Whereas CXCR4-deficient pro-B and pre-B cells were easily detected in blood and spleen, as expected (Ma et al., 1999; Ueda et al., 2004), their numbers in BM were only slightly reduced when compared with immature B cell subsets. These data indicate that early B cell subsets are less efficiently mobilized from BM than immature B cells and suggest that they use other retention mechanisms. However, the majority of GFP+ B lineage cells (which include pro-B and pre-B cells) remained predominantly sessile, exhibited a rounded morphology, and seemed largely nonadherent to the extracellular matrix when they lacked α4β1-mediated adhesion to VCAM-1. An alternative and attractive possibility is that pro-B and pre-B cells cannot undergo efficient reverse transmigration. Electron microscopy studies of femoral marrow of rats, rabbits, and guinea pigs documented extensive evidence of intimate interactions between immature lymphocyte pseudopodia and cell processes between adjacent sinusoidal endothelial cells (Tavassoli and Yoffey, 1983).

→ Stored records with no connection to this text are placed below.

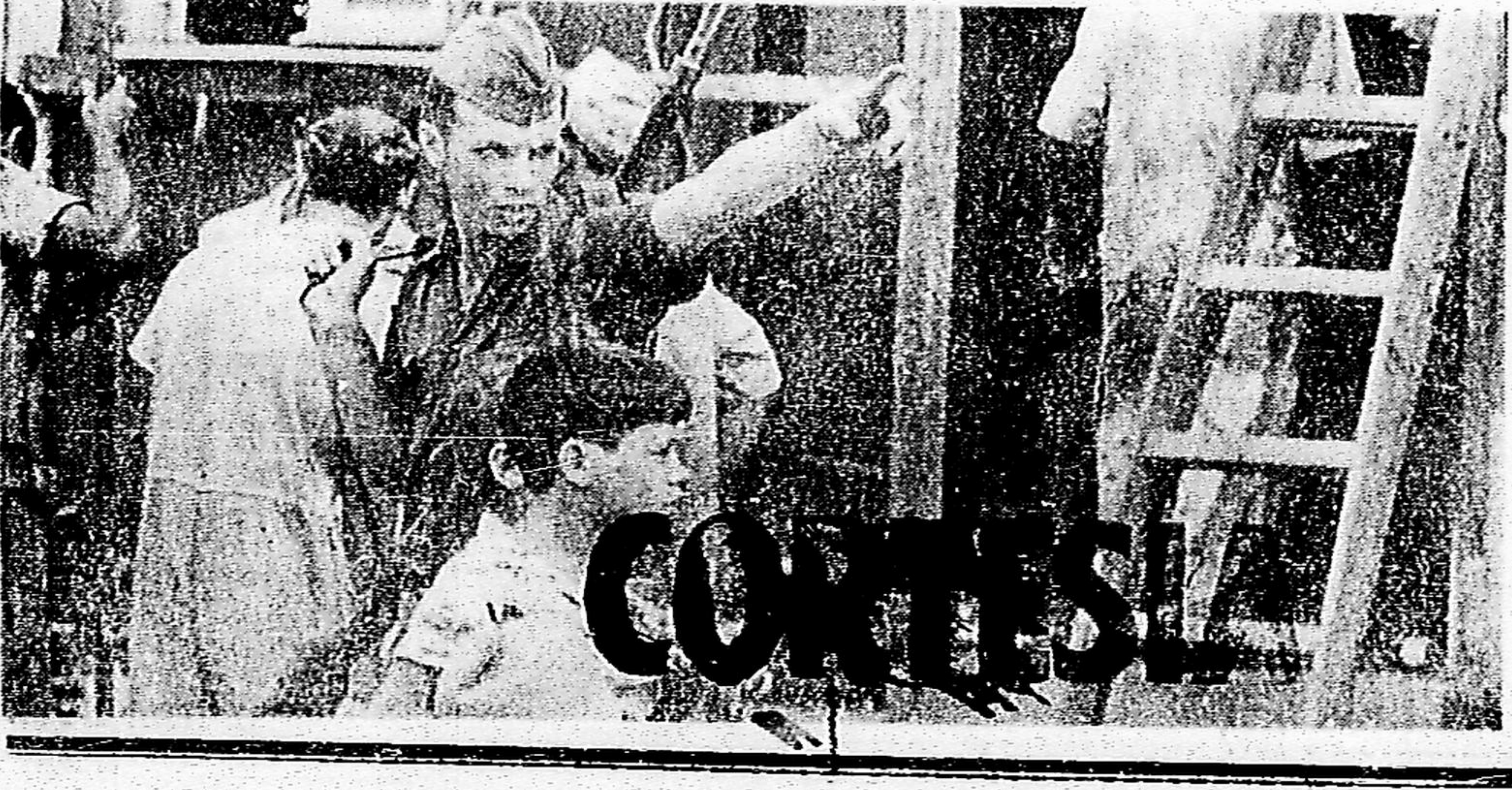
A demolição de 7 casas comerciais, no Caju, foi garantida por Tropa da FAB. Depois, 60 famílias serão despejadas (P. 5)

"paz em todas as camadas, paz entre os intelectuais e entre os trabalhadores; na área política e na área militar". As derrotas do Governo no Congresso, segundo o Marechal, são provas de que ali se legisla em clima de liberdade: a alegação de interferência ou prepotência do Executivo "é uma infâmia", que eu repilo violentamente." (P. 2) O Senado dos Estados Unidos pediu, por decisão unânime, ao Governo que negocie junto à ONU para obter rapidamente a paz no Vietnã. A votação uniu 82 parlamentares de todos os partidos e tendências. Os líderes declararam que era hora de "se fazer uma prova, ganhemos, perçamos ou empatemos". Sugeriram o pronunciamento do Conselho de Segurança. A decisão do Senado, seguindo-se à renúncia de McNamara, Secretário de Defesa, parece indicar uma próxima alteração radical na política dos EUA no Vietnã.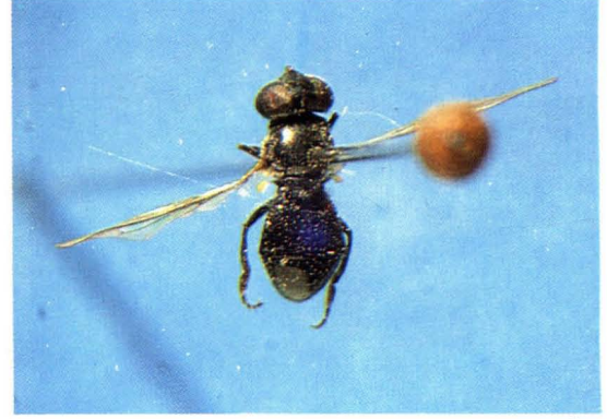
44. 长翅寡节蚜蝇 Triglyphus primus ♀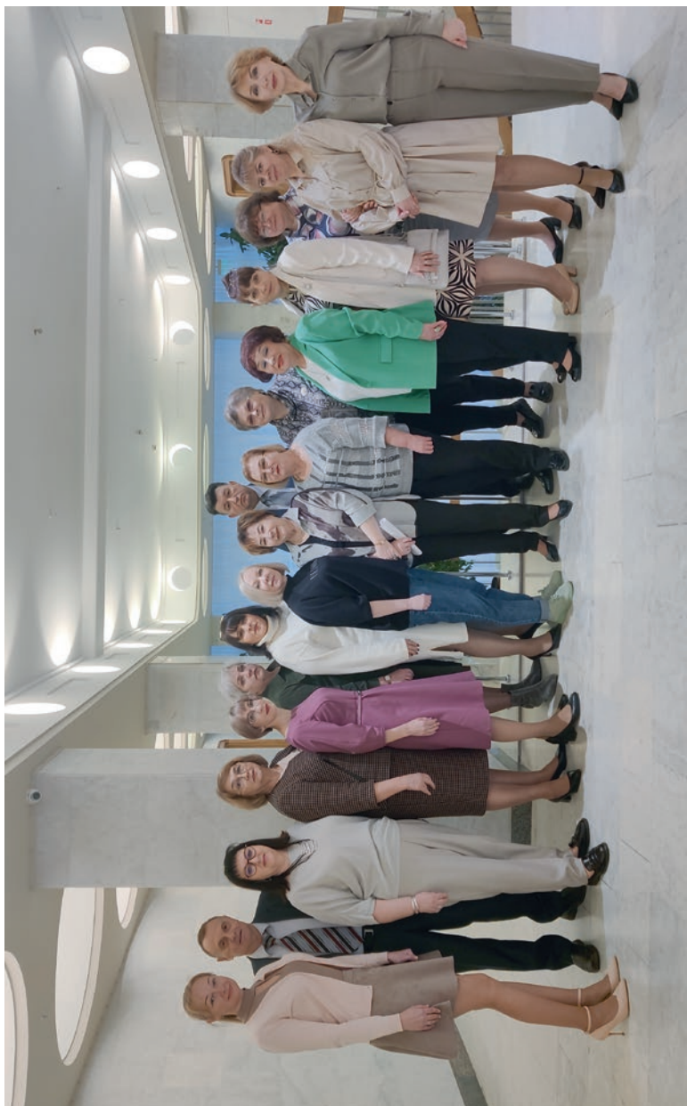
Центральный региональный совет председателей организаций Профсоюза

In some instances, though not infrequent, lymphocyte pseudopodia were seen extending through endothelial cells (Hudson and Yoffey, 1966). We also observed few examples of WT and PTX-expressing B cells elongating during reverse transmigration through sinusoids. These observations suggest that reverse transmigration across some areas of the sinusoidal endothelial wall requires an active process. Our study reveals that it is independent of GPCR signaling.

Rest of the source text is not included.